Vanavond begint de tweede reeks O’Hanlons Helden, waarin Redmond O’Hanlon reist in het spoor van zijn helden of mensen die zijn helden zijn geworden. Want, zo blijkt uit wat regisseur/eindredacteur Roel van Broekhoven in de aan de serie gewijde bijlage van de VPRO Gids #48, niet alle namen werden door Redmond O’Hanlon aangedragen.

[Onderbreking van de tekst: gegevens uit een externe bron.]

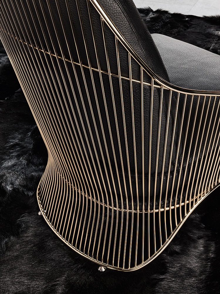 Colette扶手椅的制造过程相当复杂。外部的金属构架经过压延和装配,焊接点超过三百个。特殊的金属表面源于在淡金色的液池中进行电镀的工序以及透明的保护涂层,在此基础上拥有刚度和深度。座椅结构前方搭配地面支撑件,采用聚氨酯泡沫制成,内部插入金属件,绑带的设计使其具有一定的弹性,从而保证绝佳的舒适度。 坐垫和靠背完美搭配构架的设计。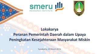 Pemerintah Kota Surakarta bekerjasama dengan The SMERU Research Institute menyelenggarakan lokakarya dengan tema ?Peranan Pemerintah Daerah ...

De meeste van O’Hanlons helden komen uit zijn thuisland (dat is niet alleen aan zijn chauvinisme te wijten: Groot-Brittannië is oververtegenwoordigd als het om bekende ontdekkingsreizigers). Roel van Broekhoven: ‘Wij wilden ook graag Franse, Russische, Duitse en Nederlandse helden. En vrouwen. Dat vraag nog meer research. Redmond had wel een paar vrouwen, waar hij met enig dedain over sprak, maar die gingen naar gebieden waar wel al geweest waren. We waren dan ook ontzettend blij met de Nederlandse Alexandrine Tinne. Van haar had hij nog nooit gehoord.’
Over Alexandrine Tinne – J.G. Kikkert schreef een biografie over haar: Een Haagsche dame in de Sahara: het avontuurlijke leven van Alexandrine Tinne 1835-1869 waaruit blijkt hoe ongewoon niet alleen in haar eigen kring haar rondtrekkende manier van leven gevonden werd – en haar moeder gaan de eerste twee afleveringen van O’Hanlons helden: Haagse dames in Afrika.

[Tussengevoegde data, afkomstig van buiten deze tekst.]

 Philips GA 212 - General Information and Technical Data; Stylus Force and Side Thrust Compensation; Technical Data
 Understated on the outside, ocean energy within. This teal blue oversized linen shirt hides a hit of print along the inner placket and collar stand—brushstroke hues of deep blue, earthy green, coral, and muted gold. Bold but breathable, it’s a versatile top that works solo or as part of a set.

Daarna komen Henry Wickham, Richard F. Burton, Georg Wilhelm Steller en Luigi d’Albertis aan bod. Zij voeren Redmond O’Hanlon en de crew van O’Hanlons helden naar het Amazonegebied, Karachi, Alaska en Nieuw-Guinea.
Volgens mij zag ik Redmond O’Hanlon voor het eerst op televisie samen met die andere reiziger Boudewijn Büch. Recenter was hij te zien als een van de opvarenden van de clipper Stad Amsterdam in de serie Beagle: in het kielzog van Darwin.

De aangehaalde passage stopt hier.